A.R. Suresh Kumar, general manager, corporate business development & projects, Voltas.

In the UAE, the Dubai Supreme Council of Energy has set the goal of reducing energy demand by a whopping 30% before the end of 2030. To achieve this mammoth task, Dubai Electricity and Water Authority (DEWA) has begun the process of retrofitting 30,000 buildings at a current project investment value of over $8bn.
Generally retrofitting of MEP systems happens on account of the following:

  • Modification or alteration of interiors/architecture.
  • Requirement of enhanced capacity.
  • Changes due to worn out parts of equipment or replacements.
  • Changes demanded by emergency agencies requirements.
  • Requirements on energy efficiency of the asset.
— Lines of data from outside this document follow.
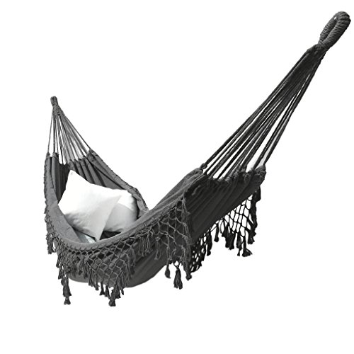 Anyoo Utomhus trädgård hängmatta bomull makramé hängmatta med trädremmar, bärbar kompakt hängmatta med bärväska för balkong uteplats veranda gård mörkgrå
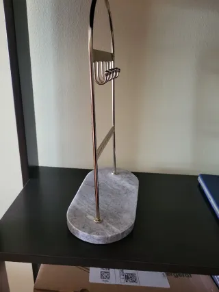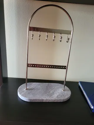 Scaffale elegante per organizzare le tue gioie. Base ovale in marmo con venature grigie. Struttura metallica argentata. Molteplici ganci per collane e bracciali. Fori per orecchini.
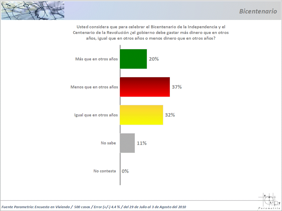 Sin embargo, la preferencia porque se celebren no significa que los mexicanos apoyen el gasto de 2 mil 900 millones de pesos que ha realizado el gobierno federal para celebrar el Bicentenario. Incluso y pese al ánimo por los festejos, la mayor parte de los mexicanos (37%) consideran que el gasto gubernamental debería ser menor en este año.
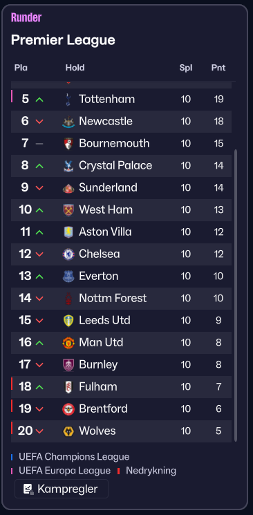 Så blev det min tur til at prøve kræfter med den her udfordring, hvor man skal simulere frem til den 6 November og vælge det hold som er på 19 pladsen i PL. Her kunne jeg med en lille smule glæde se at det kære Brentford lå placeret
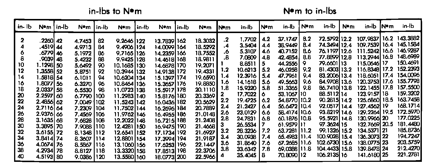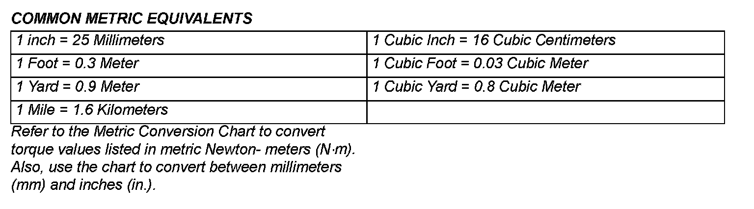 Refer to the Metric Conversion Chart to convert torque values listed in metric Newton- meters (Nm). Also, use the chart to convert between millimeters (mm) and inches (in.).
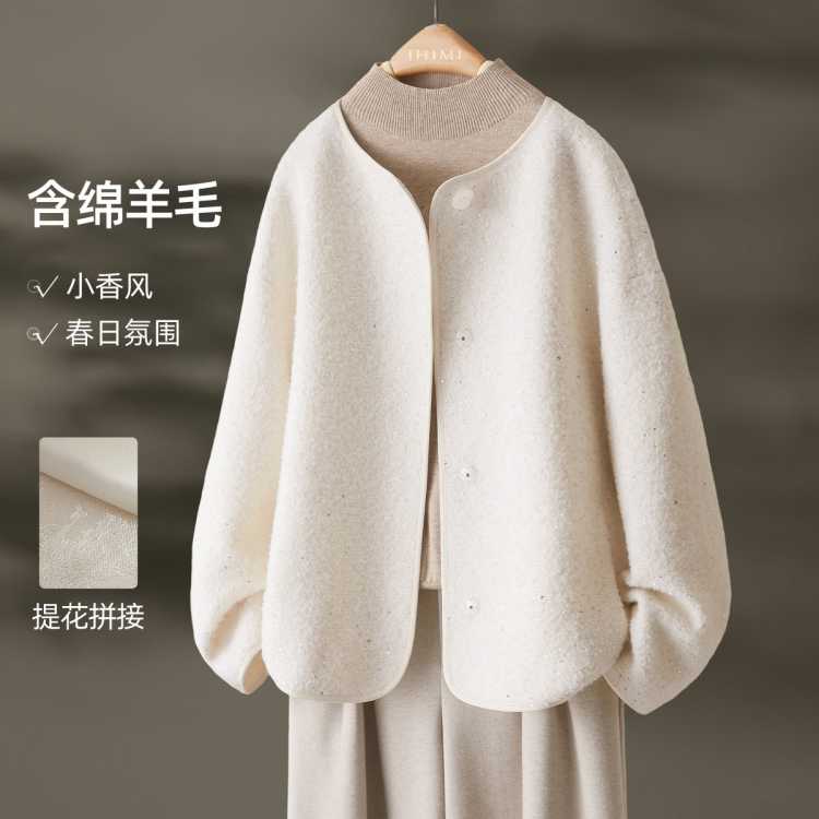 IHIMI海謐 【節日氛圍羊毛小香風外套】2026冬春提花拼接柔軟精致外套
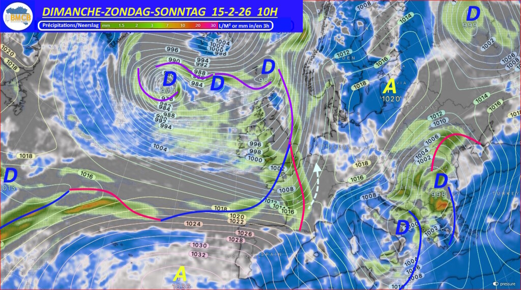 Dit hogedrukgebied duwt de volgende depressiezone (995 tot 985 hPa), die woensdag ten westen van Ierland en de Golf van Biskaje wordt verwacht, zuidwaarts richting Frankrijk en vervolgens naar Noord-Italië, waar zij donderdag een kerndruk rond 998 hPa zal hebben.
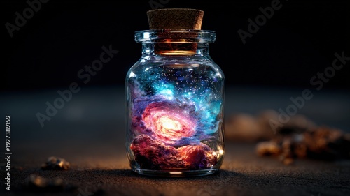 Fototapeta premium Mystical Galaxy in a Glass Jar: Fantasy Concept for Science, Dreams, and Imagination
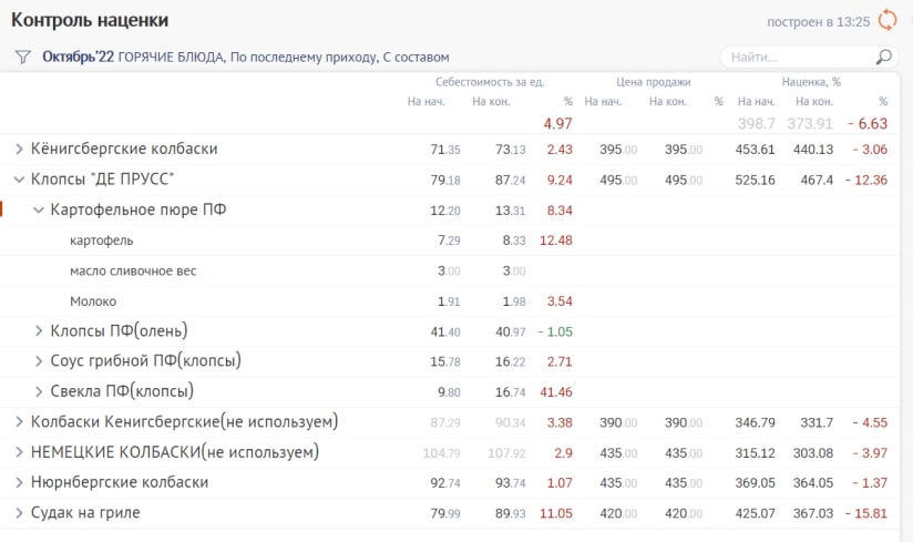 Программа сама ведет всю аналитику, поэтому может автоматически собрать любой отчет, например «Контроль наценки». Он показывает, что происходит с себестоимостью блюда в данный момент. Если цена окрашена в красный — она повысилась, если в зеленый — снизилась. Можете одним нажатием раскрыть состав блюда и посмотреть, какой именно ингредиент поднялся в цене и в каких блюдах он еще используется. Это поможет вам решить, что делать с меню: менять техкарту, искать другого поставщика или поднимать стоимость для гостей.
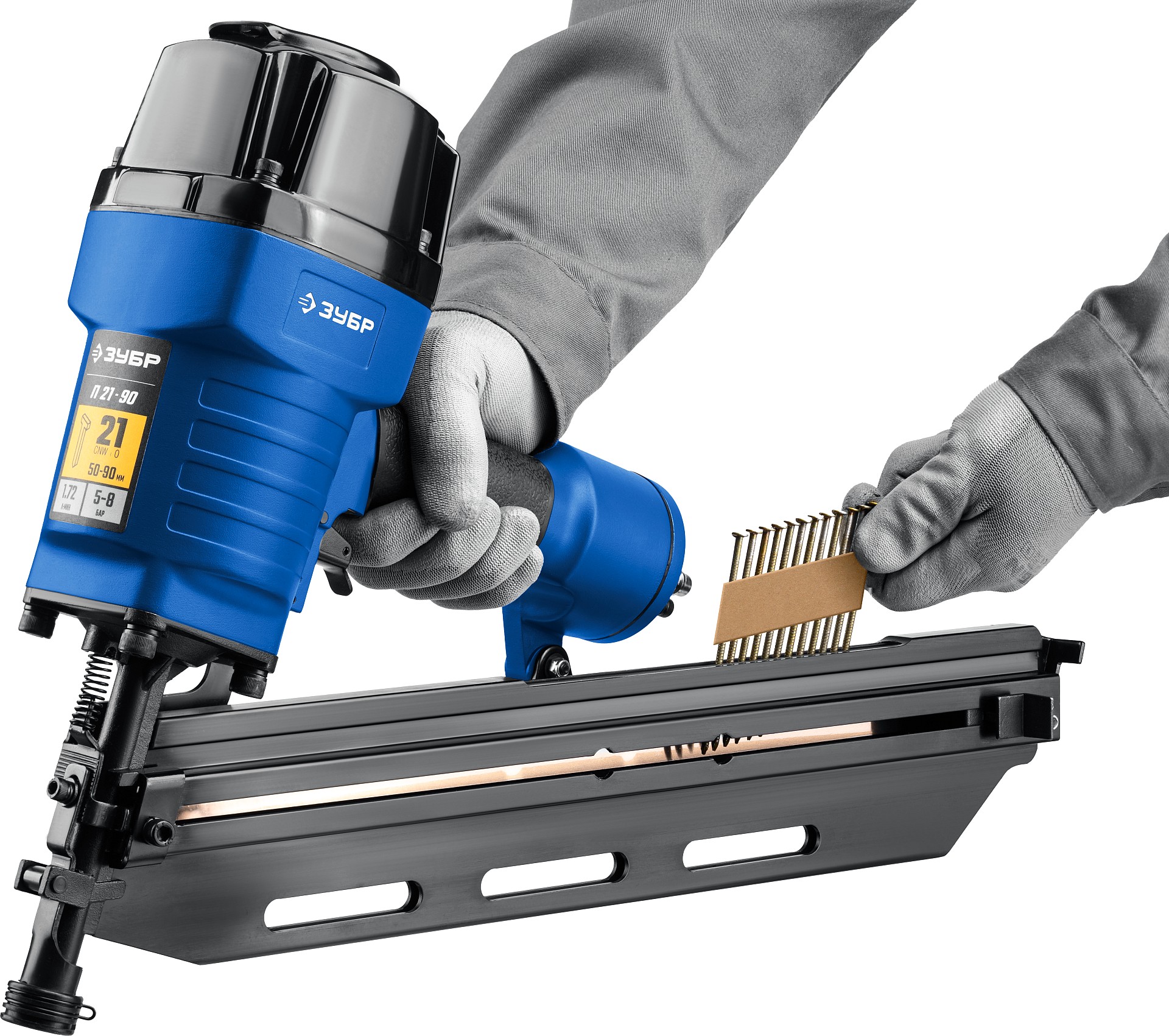 Для сборки деревянных конструкций, крепления тонколистового металла до 0.9 мм. В каркасном домостроении используются для сборки каркаса дома и установки черновых полов. Монтаж производится при помощи гвоздезабивного пистолета (нейлера) ЗУБР SN21-90 (арт. 31931), ЗУБР SN21-90A (арт. 31923) или аналогичного, рассчитанного на работу с гвоздями в кассетах с углом наклона 21 град. Во избежание повреждения кассеты на бумажной основе при установке в магазин нейлера не допускайте сильных ударов толкателя по кассете с гвоздями.
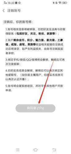 4、查看注销账号相关(guan)的内容,等待(dai)下方读秒结束后,点击“我同意”;
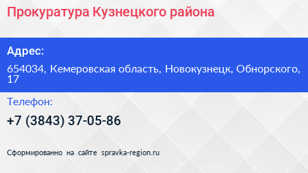 Прокуратура Кузнецкого района по адресу 654034, Кемеровская область, Новокузнецк, Обнорского, 17 в дальнейшем Организация, размещена в следующих категориях:
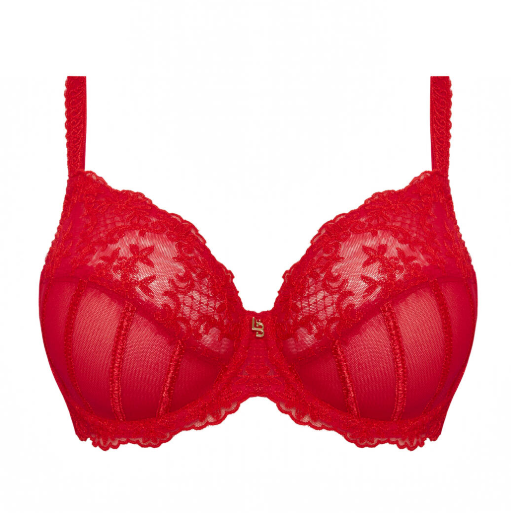 Victoria incarne l’élégance d’une broderie de style victorien, évoquant la délicatesse de la dentelle. Cette ligne réunit les éléments iconiques de l’histoire de la corseterie, avec des imitations de baleines subtilement placées sur les bonnets des soutiens-gorge et sur le devant des culottes. Il s’agit en réalité d’une broderie plate, conçue exclusivement dans les ateliers de la maison Louisa Bracq.
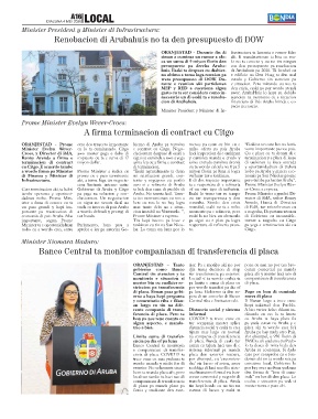 Infrastructura. aki, a tuma luga un negocia- tento y orguyoso cu porfin E di dos trayecto importante pero tambe pa henter Aruba”,
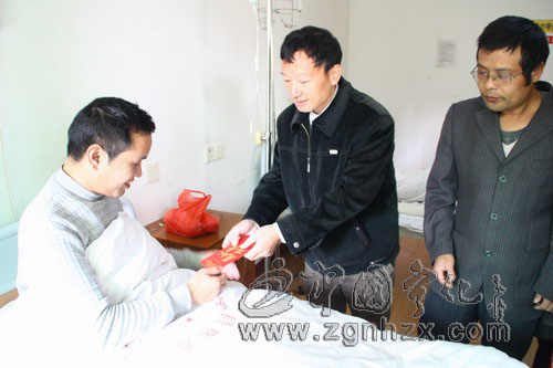 1127 20位現在或曾在寧化縣河龍中心學校工作的老師相約來到寧化縣醫院感染科病房,探望患病的同行羅國華,并送上紅包表達自己的心意。“羅國華明天將轉院到福州去治療,我們來看看他,希望他能盡早痊愈。”河龍中心學校初中部的周老師對記者說。
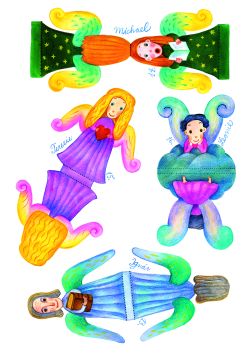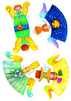 Ke každému příběhu patří vždy jeden anděl z přiložených vystřihovánek. Když je hotový zavěsí se na adventní girlandu.
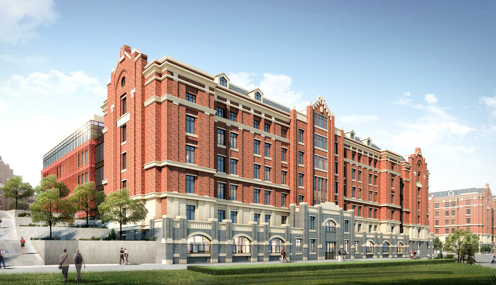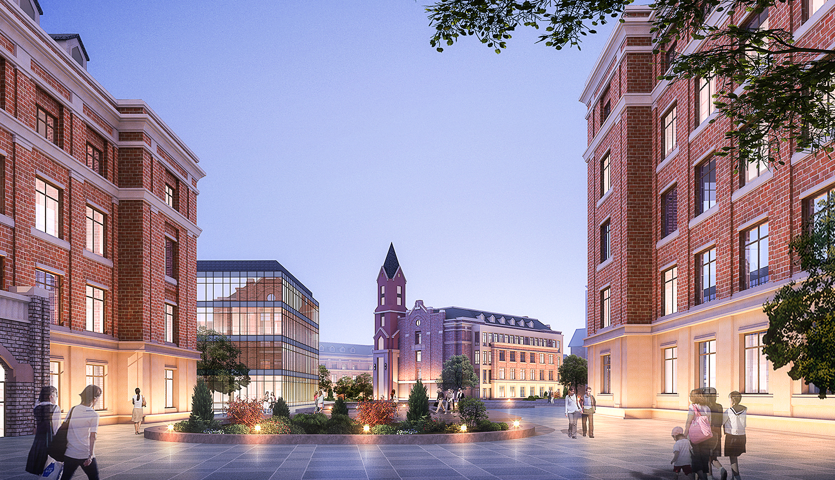 本項(xiàng)目位于中德生態(tài)園東側(cè),東側(cè)、南側(cè)與九中相鄰,在設(shè)計(jì)時(shí)充分考慮周邊建筑現(xiàn)狀,采用紅磚灰頂?shù)挠⑹斤L(fēng)格作為建筑立面。紅瓦灰頂,相互借勢(shì),打造中德門戶建筑。
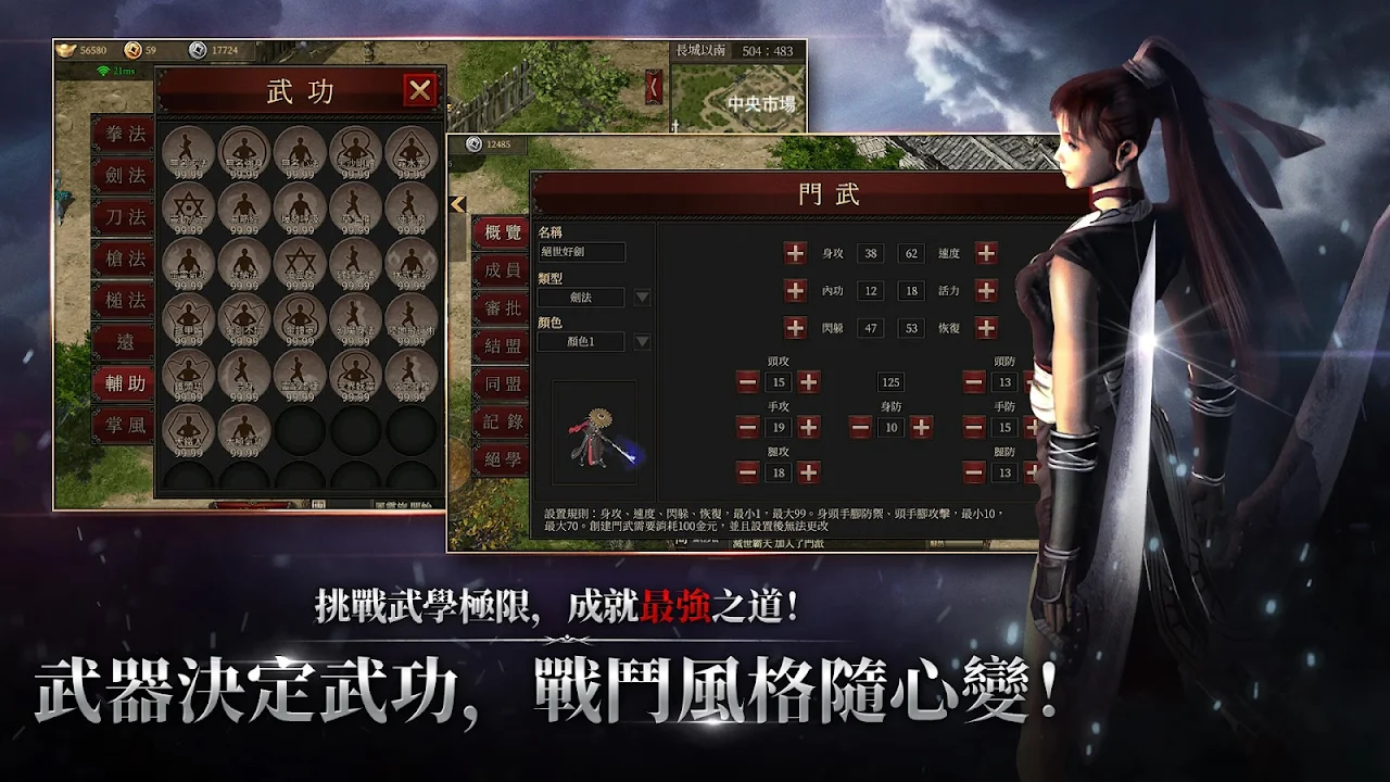 百種武功:拳法、刀法、箭法、槍法等十大類上百種技能,打造屬於您的專屬流派;

The UAE, with its more than 40 years of MEP construction market, is experiencing a very high level of retrofitting requirement on account of all the above reasons, but in the near future, energy efficiency will be one of the main drivers for pushing retrofitting of the building MEP assets.
One of the most common change happening today is the change in electric lights to LEDs to reduce utilities cost. Compared to other parts of the world, electricity tariff is still fairly low in the UAE with no major changes over the last two decades. Most of the builders and building owners continue with existing lighting, ignoring operational expenses.
When it comes to air-conditioning, fan coil units (FCU) are known for its lower life efficiency with poor or average maintenance. FCUs are likely to be corroded and with the fan motor burn out, maintenance expenditures goes up. This leads to many building owners going for replacement with new FCUs, which are quieter and slimmer.
Whilst we appreciate various government initiatives in the form of ESCO, UAE Green Building Initiative, Estidama, etc., the need is not being felt by the real estate industry to look for energy savings. The fact remains that energy audits or operational efficiency studies are still in a premature state where most of the operational expenses are borne directly by the tenants rather than by the owner.
Retrofitting of MEP equipment and services can be divided into:
Partial replacement of parts:  Apart from LED lighting, water saving faucets, leak free valves, efficient fans, and motors are the possible retrofitting options for energy saving.
Full replacement:  In many cases, existing equipment like pumps, air handling units etc., does not produce efficient output levels by merely changing the parts, in which case, the replacement of the whole equipment might make more economical sense. For example, today we get chillers that have very low IKW per tonne, which can possibly make a pay back within 3-4 years.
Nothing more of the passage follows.